START Input records

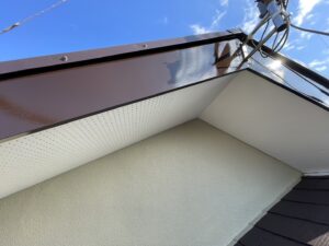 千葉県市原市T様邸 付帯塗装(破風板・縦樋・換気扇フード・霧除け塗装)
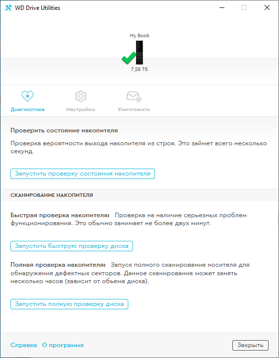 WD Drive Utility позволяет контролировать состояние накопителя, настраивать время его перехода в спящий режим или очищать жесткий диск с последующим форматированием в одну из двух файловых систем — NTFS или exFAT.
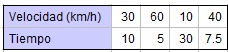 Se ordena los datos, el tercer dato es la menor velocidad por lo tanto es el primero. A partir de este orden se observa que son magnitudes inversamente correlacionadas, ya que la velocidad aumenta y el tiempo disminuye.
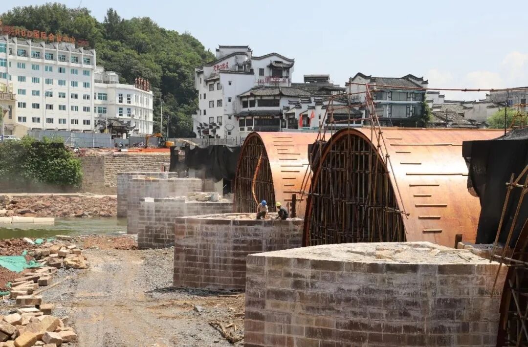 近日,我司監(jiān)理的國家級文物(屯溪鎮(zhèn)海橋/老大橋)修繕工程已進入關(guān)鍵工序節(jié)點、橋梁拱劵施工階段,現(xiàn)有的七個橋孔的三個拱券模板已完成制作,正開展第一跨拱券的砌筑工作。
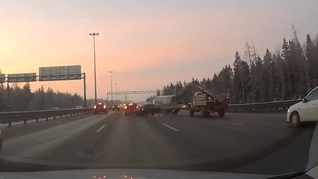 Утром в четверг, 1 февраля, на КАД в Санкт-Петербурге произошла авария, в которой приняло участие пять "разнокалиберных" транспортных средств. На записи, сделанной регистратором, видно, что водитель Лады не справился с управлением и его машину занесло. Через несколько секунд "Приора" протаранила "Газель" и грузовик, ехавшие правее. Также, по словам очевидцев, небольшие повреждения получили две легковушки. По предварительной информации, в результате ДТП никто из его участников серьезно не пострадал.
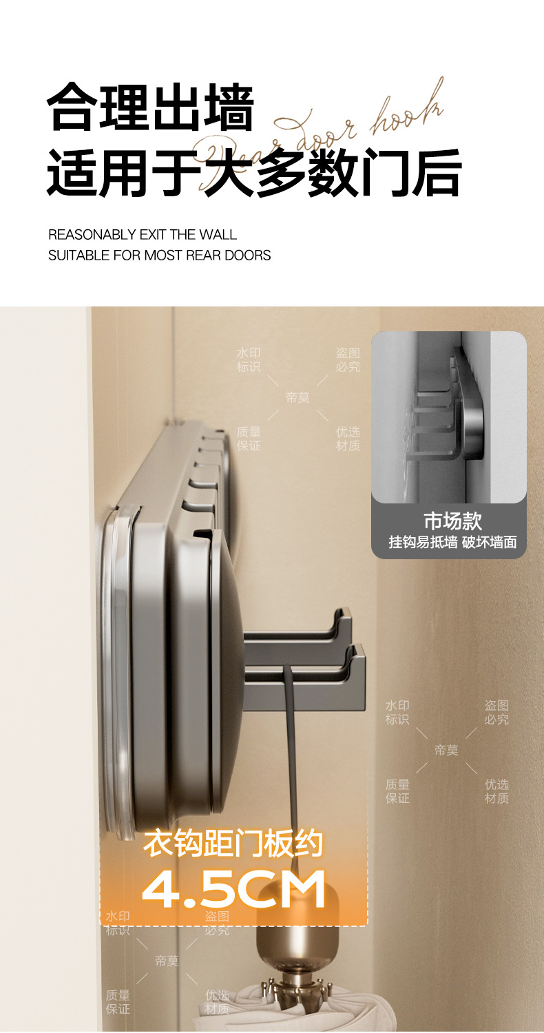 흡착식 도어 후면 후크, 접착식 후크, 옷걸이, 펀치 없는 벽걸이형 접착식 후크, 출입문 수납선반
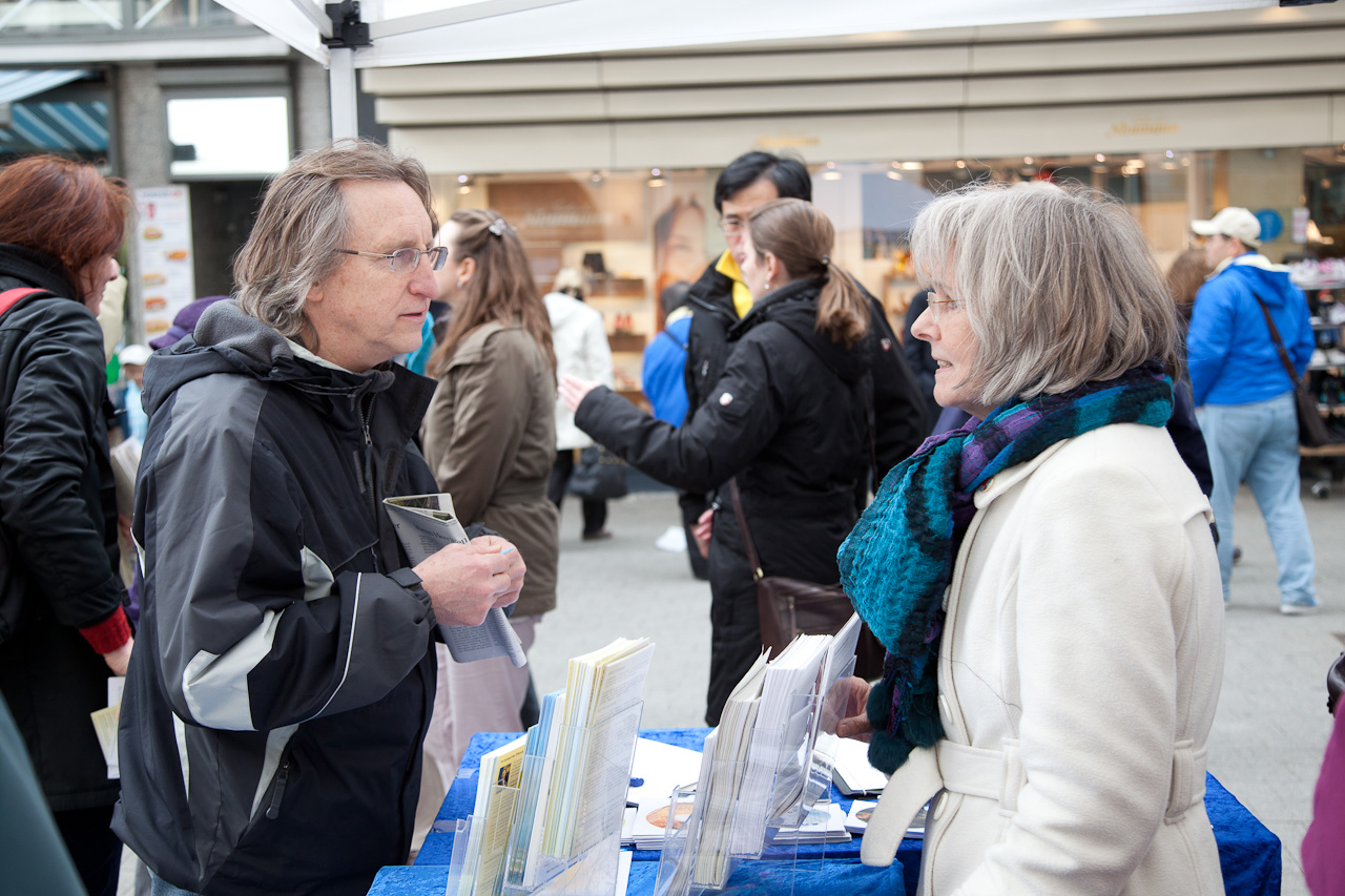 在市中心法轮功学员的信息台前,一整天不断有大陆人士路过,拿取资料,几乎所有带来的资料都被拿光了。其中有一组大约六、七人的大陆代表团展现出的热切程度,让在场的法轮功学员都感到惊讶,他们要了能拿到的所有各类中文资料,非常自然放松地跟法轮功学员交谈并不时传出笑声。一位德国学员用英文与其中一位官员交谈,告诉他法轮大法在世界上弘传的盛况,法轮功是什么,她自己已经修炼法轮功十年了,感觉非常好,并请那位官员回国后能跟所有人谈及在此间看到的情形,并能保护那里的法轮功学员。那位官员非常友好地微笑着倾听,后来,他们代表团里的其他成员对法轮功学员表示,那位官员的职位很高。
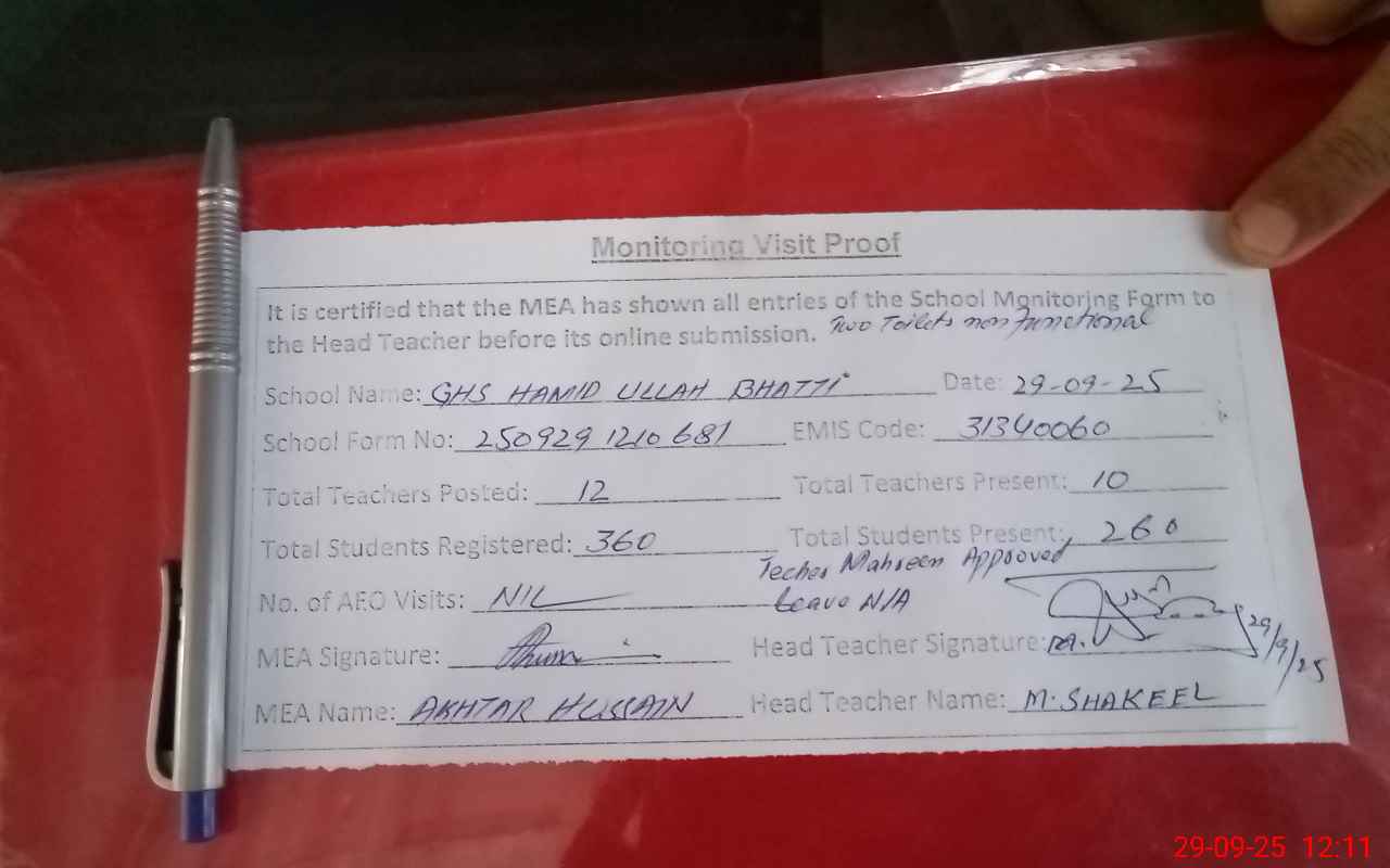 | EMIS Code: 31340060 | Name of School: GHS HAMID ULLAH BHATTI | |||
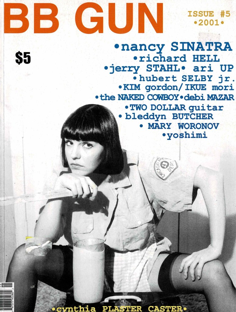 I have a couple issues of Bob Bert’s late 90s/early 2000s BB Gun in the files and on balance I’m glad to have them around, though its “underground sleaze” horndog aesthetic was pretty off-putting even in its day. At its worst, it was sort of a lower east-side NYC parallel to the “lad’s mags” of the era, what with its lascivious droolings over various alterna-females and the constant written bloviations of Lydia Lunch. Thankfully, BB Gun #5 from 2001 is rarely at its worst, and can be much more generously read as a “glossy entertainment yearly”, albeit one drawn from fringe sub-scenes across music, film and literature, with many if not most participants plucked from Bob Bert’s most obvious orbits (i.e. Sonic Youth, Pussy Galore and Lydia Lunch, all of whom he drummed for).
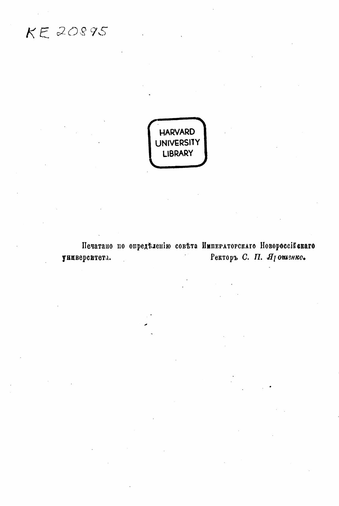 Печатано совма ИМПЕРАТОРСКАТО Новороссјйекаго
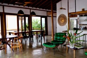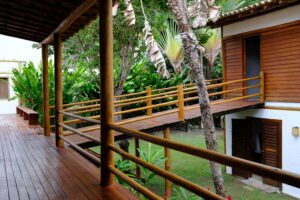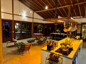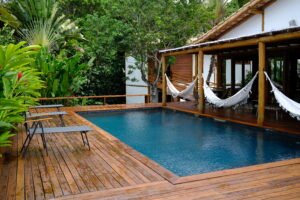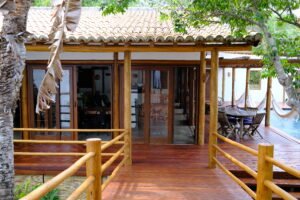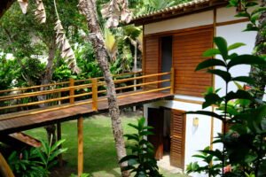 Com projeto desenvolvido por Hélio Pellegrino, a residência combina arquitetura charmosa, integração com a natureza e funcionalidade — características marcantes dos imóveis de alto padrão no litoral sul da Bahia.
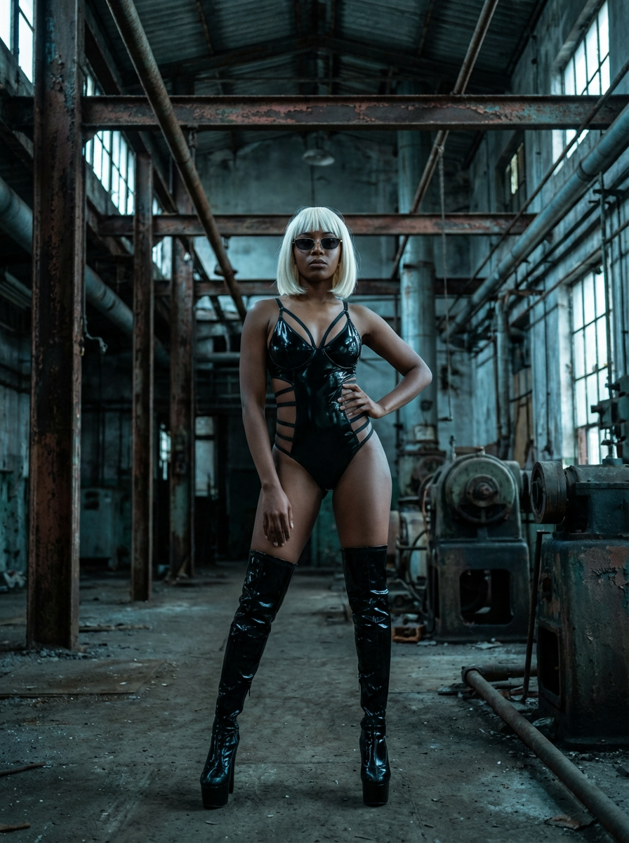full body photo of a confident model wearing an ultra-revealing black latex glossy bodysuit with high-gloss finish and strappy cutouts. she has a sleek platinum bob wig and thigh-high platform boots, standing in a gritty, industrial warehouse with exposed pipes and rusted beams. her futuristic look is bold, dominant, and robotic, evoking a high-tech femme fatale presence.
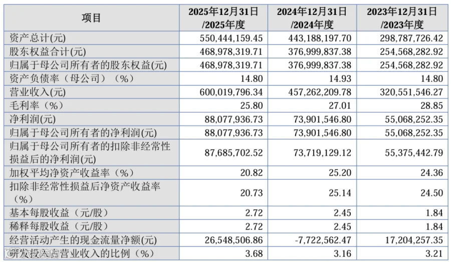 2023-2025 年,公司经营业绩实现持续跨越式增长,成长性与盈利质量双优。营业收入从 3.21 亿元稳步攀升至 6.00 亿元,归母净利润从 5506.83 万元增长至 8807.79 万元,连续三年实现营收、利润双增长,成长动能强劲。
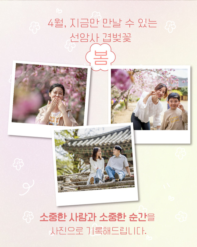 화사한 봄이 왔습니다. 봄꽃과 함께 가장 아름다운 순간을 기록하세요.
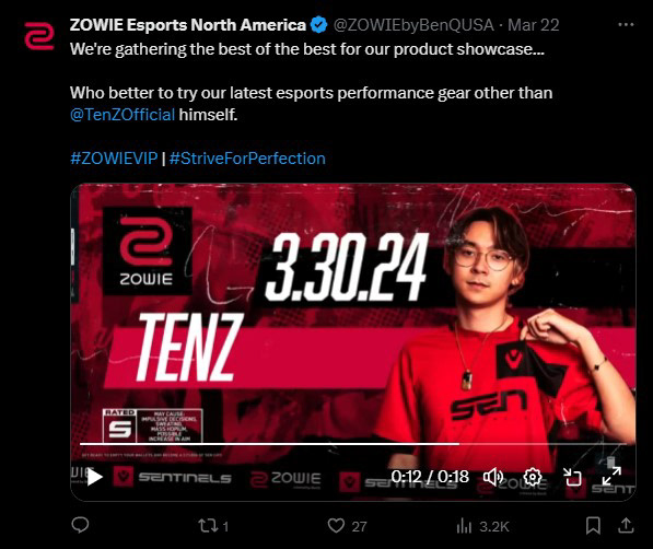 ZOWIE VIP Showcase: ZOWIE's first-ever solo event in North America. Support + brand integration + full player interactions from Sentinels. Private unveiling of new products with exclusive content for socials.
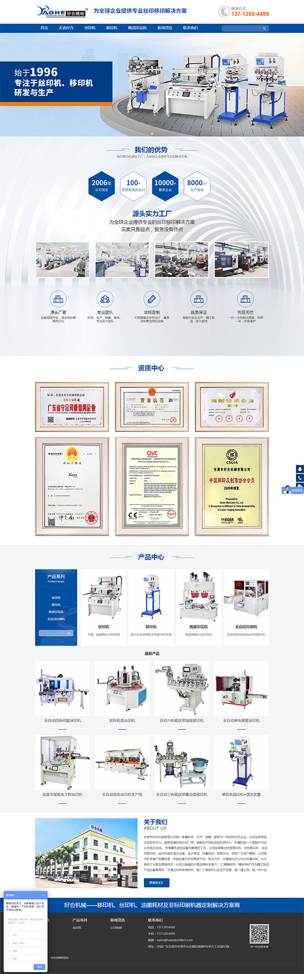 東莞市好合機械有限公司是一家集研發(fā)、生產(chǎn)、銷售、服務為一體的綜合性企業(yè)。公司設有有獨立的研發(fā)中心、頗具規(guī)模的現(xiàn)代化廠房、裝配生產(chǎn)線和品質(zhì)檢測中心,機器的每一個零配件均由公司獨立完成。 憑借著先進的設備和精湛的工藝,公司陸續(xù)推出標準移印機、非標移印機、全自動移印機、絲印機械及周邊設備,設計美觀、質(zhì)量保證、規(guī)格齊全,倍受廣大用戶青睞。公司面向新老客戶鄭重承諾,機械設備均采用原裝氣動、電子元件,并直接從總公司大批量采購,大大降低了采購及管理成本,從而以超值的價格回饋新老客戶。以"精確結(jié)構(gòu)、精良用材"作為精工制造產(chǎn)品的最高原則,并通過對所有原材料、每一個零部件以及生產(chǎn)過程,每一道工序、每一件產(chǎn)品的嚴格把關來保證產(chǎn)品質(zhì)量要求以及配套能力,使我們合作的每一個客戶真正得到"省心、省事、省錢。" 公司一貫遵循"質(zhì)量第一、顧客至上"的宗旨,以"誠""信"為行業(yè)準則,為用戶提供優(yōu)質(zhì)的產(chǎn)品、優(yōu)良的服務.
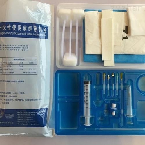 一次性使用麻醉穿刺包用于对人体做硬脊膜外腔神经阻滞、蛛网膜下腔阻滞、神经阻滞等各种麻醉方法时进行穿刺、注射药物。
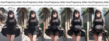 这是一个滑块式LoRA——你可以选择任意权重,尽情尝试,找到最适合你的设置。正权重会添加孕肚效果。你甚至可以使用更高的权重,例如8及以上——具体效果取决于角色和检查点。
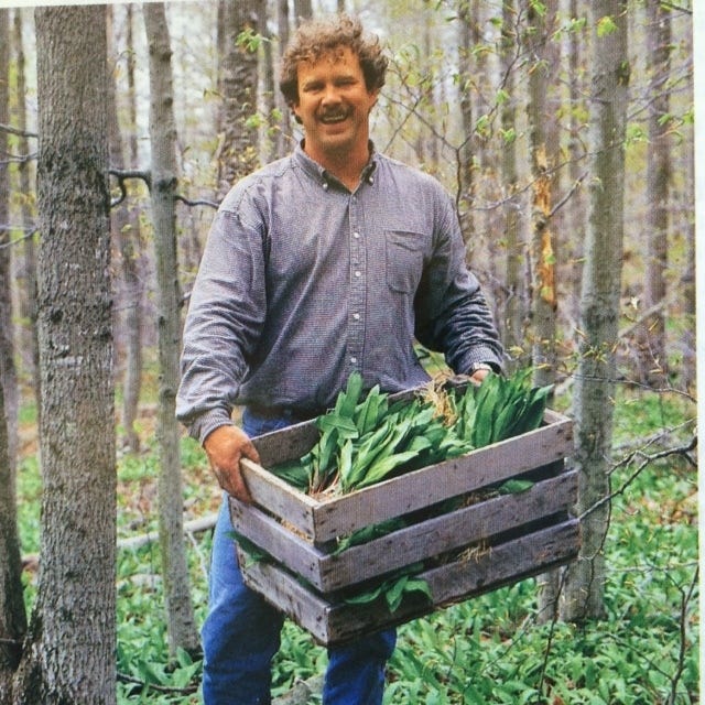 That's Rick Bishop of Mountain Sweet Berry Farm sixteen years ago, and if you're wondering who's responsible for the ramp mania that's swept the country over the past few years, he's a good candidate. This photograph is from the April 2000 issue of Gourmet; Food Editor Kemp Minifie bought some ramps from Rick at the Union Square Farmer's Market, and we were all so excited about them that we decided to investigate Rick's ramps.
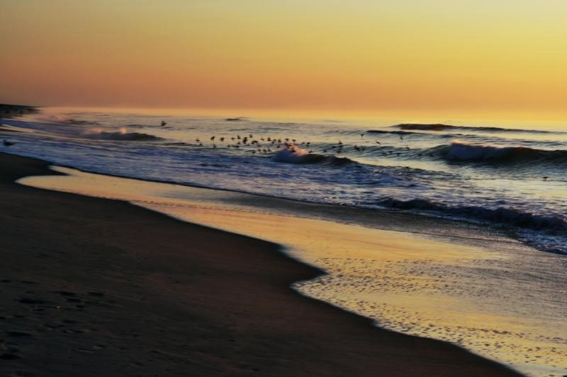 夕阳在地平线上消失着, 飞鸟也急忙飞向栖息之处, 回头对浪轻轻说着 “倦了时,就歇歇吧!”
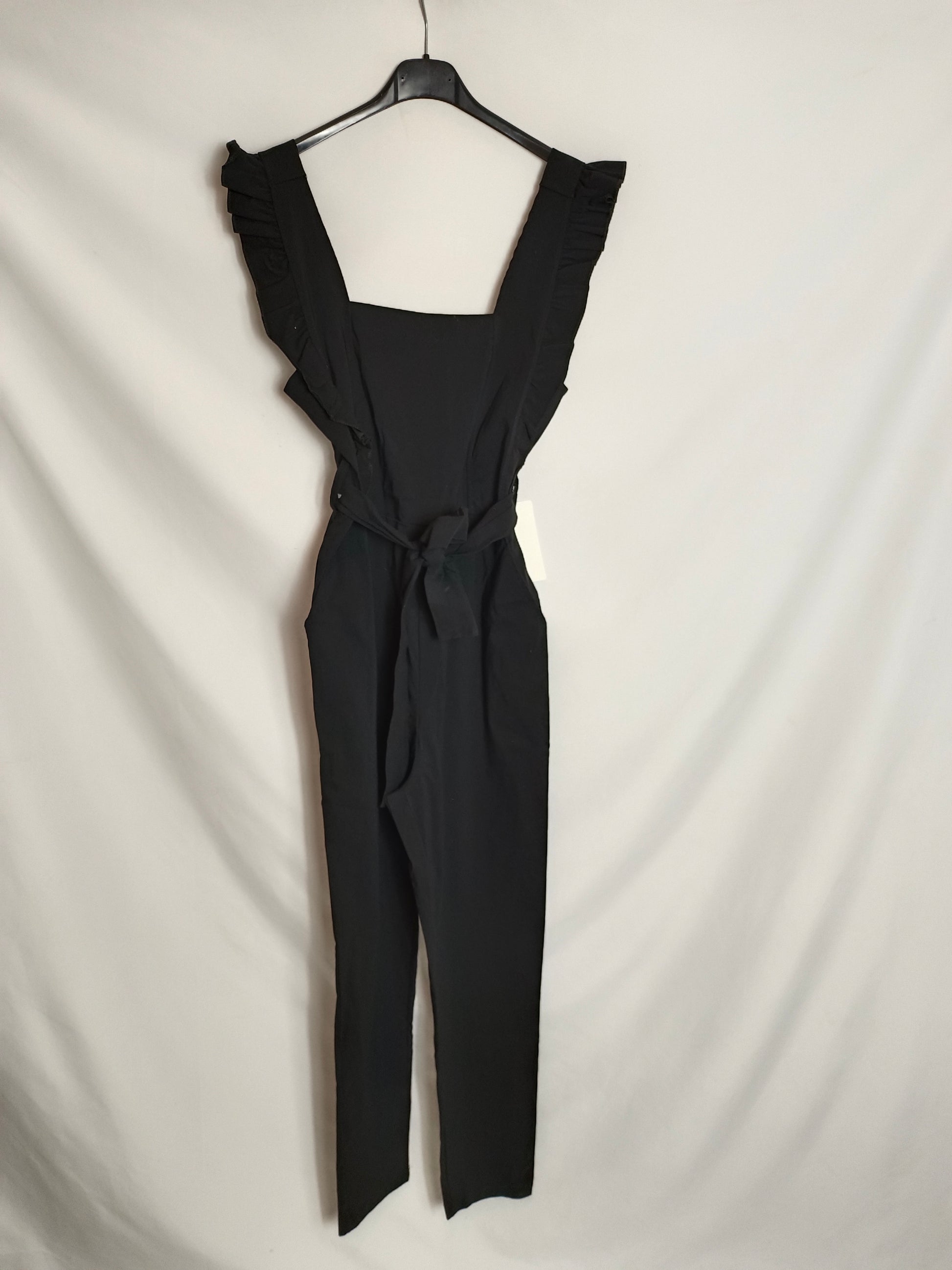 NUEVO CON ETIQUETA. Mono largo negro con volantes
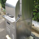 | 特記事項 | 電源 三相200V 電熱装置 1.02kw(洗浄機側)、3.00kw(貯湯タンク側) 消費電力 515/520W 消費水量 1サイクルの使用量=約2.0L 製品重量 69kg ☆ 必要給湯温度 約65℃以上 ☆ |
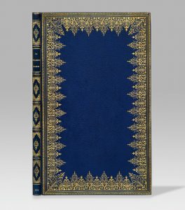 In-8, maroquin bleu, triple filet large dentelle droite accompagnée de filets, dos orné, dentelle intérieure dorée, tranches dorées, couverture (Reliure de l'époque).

END Input records

#### Directions:
Return exactly the part of the listing above that opens with the line containing "NUEVO CON ETIQUETA." and closes with the line containing "必要給湯温度 約65℃以上 ☆ |". Pictures stay out.

#### Answer to this task:
 NUEVO CON ETIQUETA. Mono largo negro con volantes
 | 特記事項 | 電源 三相200V 電熱装置 1.02kw(洗浄機側)、3.00kw(貯湯タンク側) 消費電力 515/520W 消費水量 1サイクルの使用量=約2.0L 製品重量 69kg ☆ 必要給湯温度 約65℃以上 ☆ |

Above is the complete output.